TASK BRIEF: Write out the listing exactly, from its first line through the line holding "This is a beautiful", but include none of the pictures.

DATASET EXTRACT:
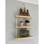 Handmade 3 tier wall hanging shelving. This is an example of small natural pine shelves with white cords.
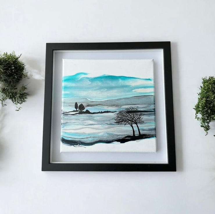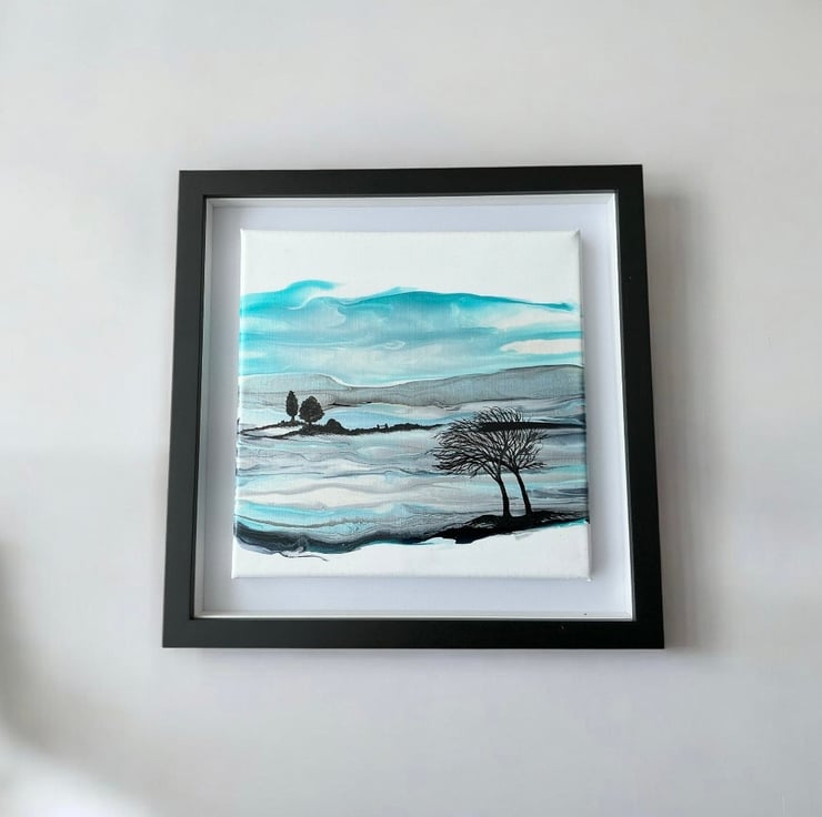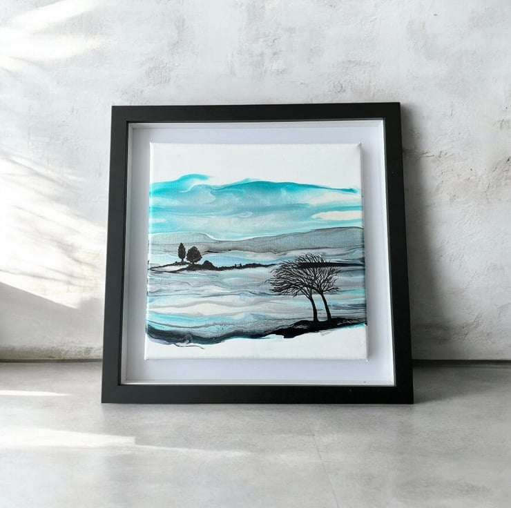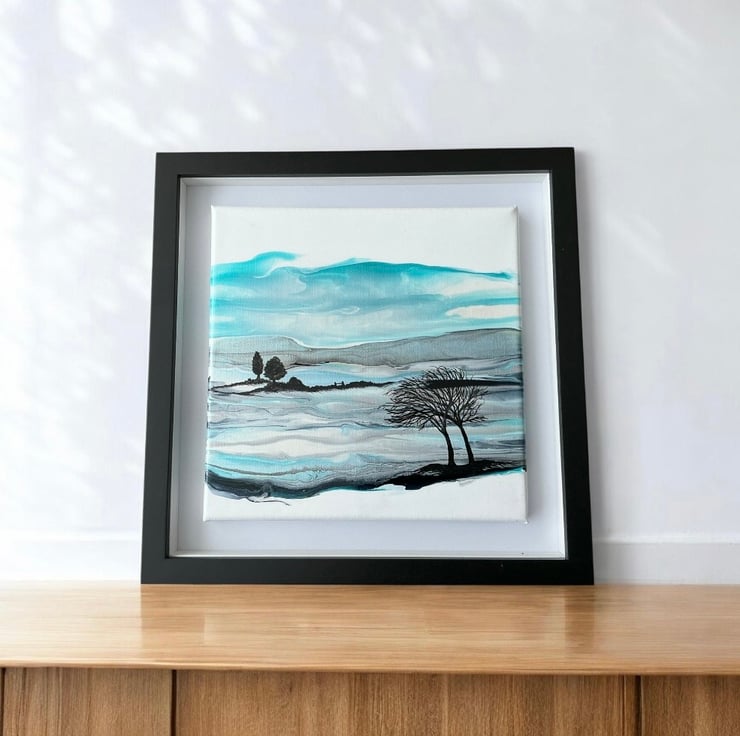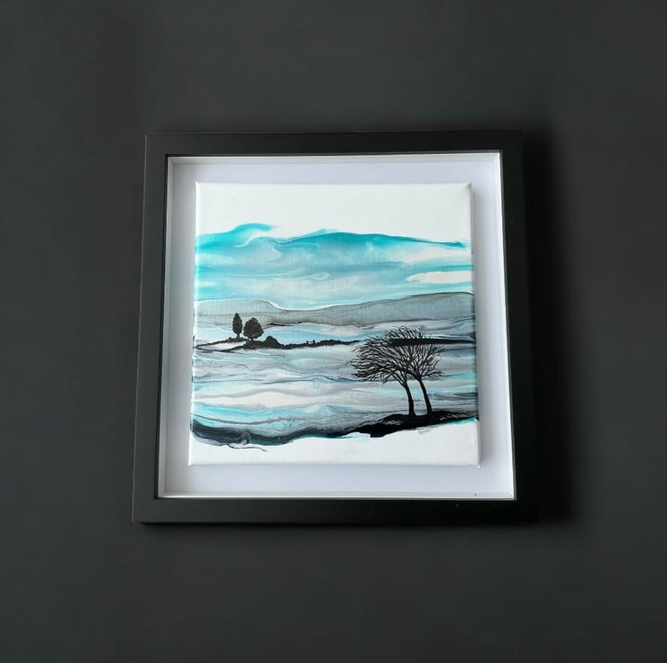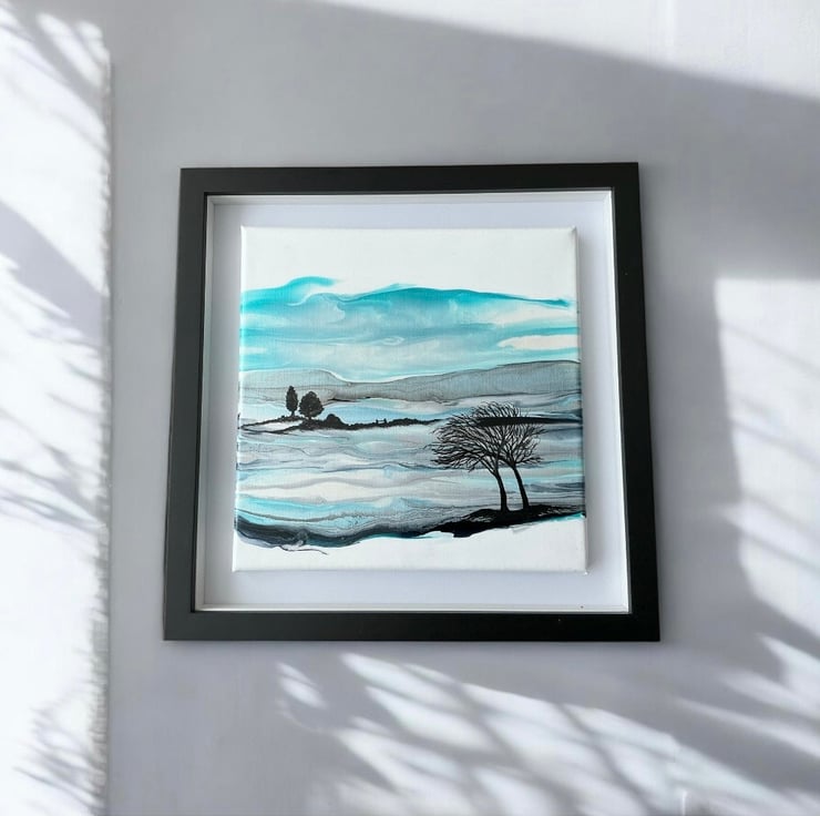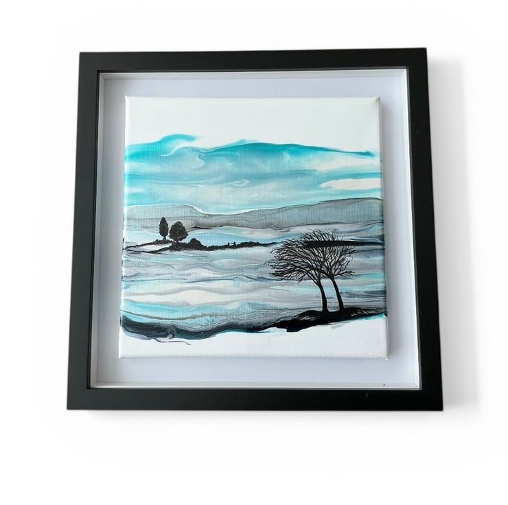 This is a beautiful shimmering painting of the Northumberland hills , icy in winters grip the blues in this picture are stunning and shimmer and shine in the light .
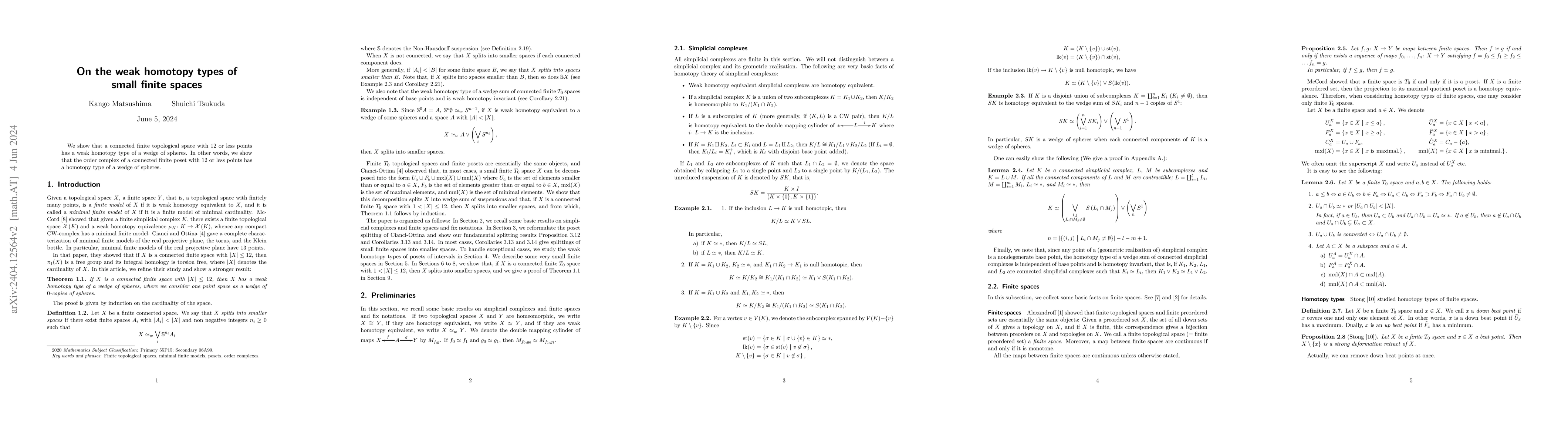 Summary: This paper demonstrates that connected finite topological spaces with 12 or fewer points exhibit a weak homotopy type equivalent to a wedge of spheres, analogously for the order complex of connected finite posets with similar point counts.

WRITTEN SOLUTION:
 Handmade 3 tier wall hanging shelving. This is an example of small natural pine shelves with white cords.
 This is a beautiful shimmering painting of the Northumberland hills , icy in winters grip the blues in this picture are stunning and shimmer and shine in the light .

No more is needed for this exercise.